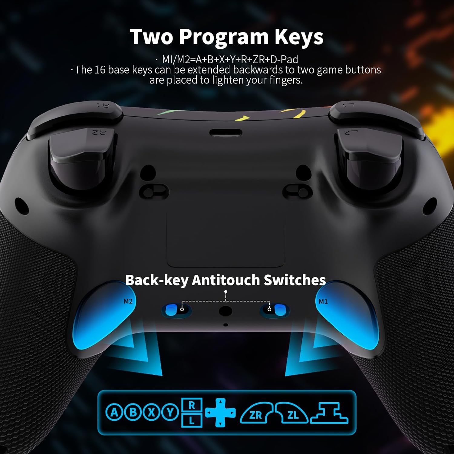 • [Програмируеми бутони за назад и бутони против докосване]: Контролерът за компютър AceGamer има два програмируеми бутона на гърба, за да опростят сложните операции с клавишите M1/M2: (M1/M2 = произволни A/B/X/Y/L/ZL/R/.) ZR/L3/R3/D подложка, до 16 бутона). Бутоните на гърба са оборудвани с превключвател против докосване, а превключвателят предотвратява случайно докосване на бутоните на гърба, така че играчите да имат свободни пръсти и да се потопят в игровото изживяване спокойно.
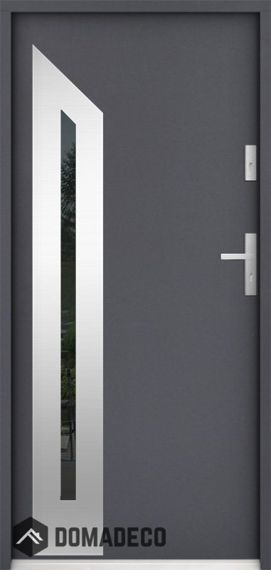 Die Türen bestehen aus Edelstahl. Im Inneren ist es mit PUR-Polyurethanschaum und Holz gefüllt. Die Türblattdicke beträgt 55 mm. Doppeldichtungssystem - Eine Dichtung befindet sich am unteren Rand des Rahmens und die andere im Lagerteil des Türblatts. Sie reduzieren Vibrationen und schützen Ihr Zuhause vor Wärmeverlust. Sie ändern ihre Lautstärke nicht unter dem Einfluss von Wetterbedingungen. Der Türrahmen hat einbruchhemmende Verstärkungen in den Scharnierteilen und Verriegelungspunkten.
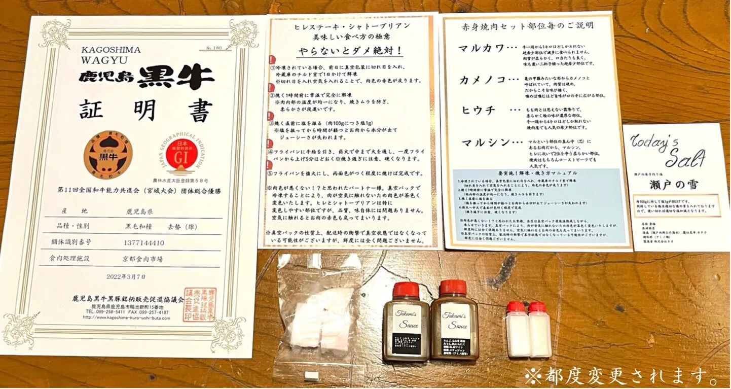 ・プロジェクトに使用している画像に関しまして、実際の商品にできる限り忠実に表示できるよう努めておりますが、牛も生き物ですので全ての牛でサシの入り方や形が違います。 また写り方や光の加減で、実際の商品と若干の誤差が生じる場合があります。予めご了承ください。

-*-*-

For this exercise, reproduce the data above exactly from the line containing "Die Türen bestehen" through its final line, both ends included, with no pictures in the copy.

 Die Türen bestehen aus Edelstahl. Im Inneren ist es mit PUR-Polyurethanschaum und Holz gefüllt. Die Türblattdicke beträgt 55 mm. Doppeldichtungssystem - Eine Dichtung befindet sich am unteren Rand des Rahmens und die andere im Lagerteil des Türblatts. Sie reduzieren Vibrationen und schützen Ihr Zuhause vor Wärmeverlust. Sie ändern ihre Lautstärke nicht unter dem Einfluss von Wetterbedingungen. Der Türrahmen hat einbruchhemmende Verstärkungen in den Scharnierteilen und Verriegelungspunkten.
 ・プロジェクトに使用している画像に関しまして、実際の商品にできる限り忠実に表示できるよう努めておりますが、牛も生き物ですので全ての牛でサシの入り方や形が違います。 また写り方や光の加減で、実際の商品と若干の誤差が生じる場合があります。予めご了承ください。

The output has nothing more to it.